Better data framework needed to improve rare disease diagnostic rates
A better framework for the reanalysis of genetic data, a game-changing process which could improve diagnostic rates by up to 32 per cent, was needed, a new study has found.
The research, led by the Murdoch Children's Research (MCRI) and the University of Melbourne and published in Familial Cancer, found considerable variation in the ways that reanalysis of patient data was initiated, which raised concerns about the responsibilities of laboratories and clinicians, as well as patients' abilities to advocate for themselves.
The reanalysis process sees laboratories re-run previously analysed genomic data to check for new genes associated with particular conditions and also new variants in genes previously reported.
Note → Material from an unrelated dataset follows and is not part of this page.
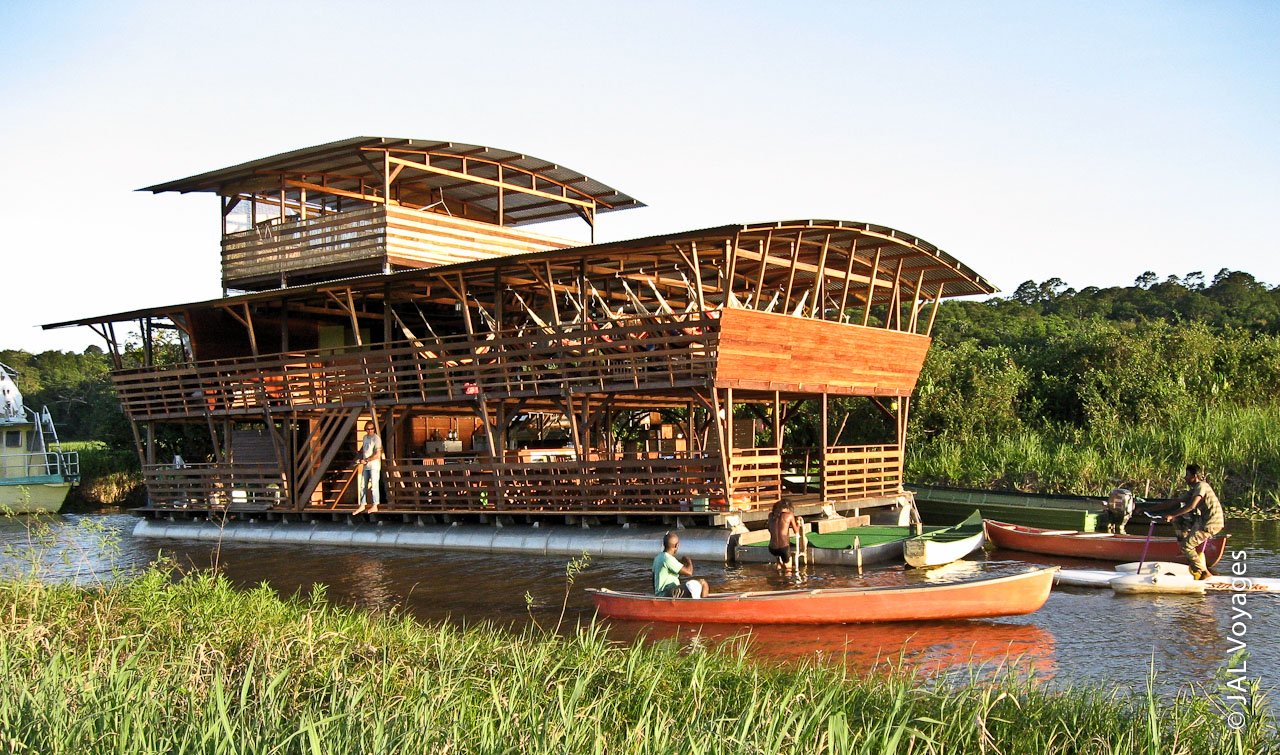 Jean-Louis Antoine, le fondateur de l’agence d’écotourisme JAL Voyages, a quant à lui eu l’idée de créer un éco-lodge flottant au cœur de la réserve naturelle des Marais de Kaw, en Guyane. Cette structure à trois étages a été construite essentiellement avec du bois local et propose une véritable plongée dans l’environnement naturel des marais.

Lead researcher MCRI's Dr. Danya Vears said previous studies have shown that despite the high diagnostic yield associated with genomic sequencing (up to 68 per cent depending on the genetic condition), a sizable proportion of patients still do not receive a genetic diagnosis at the time of the initial analysis.
Dr. Vears said reanalysis of genomic sequencing data could potentially change treatment or management, particularly in rare disease and inherited cancer cases. Yet, there is currently no onus on laboratories to reanalyse data.
"Studies show that systematic data reanalysis leads to considerable increases in genetic diagnosis rates between 4 and 32 per cent. Yet it is time intensive and is not currently feasible for most laboratories to implement," she said.
"Few policies address whether laboratories have a duty to reanalyse and it is unclear until now how this has impacted clinical practice."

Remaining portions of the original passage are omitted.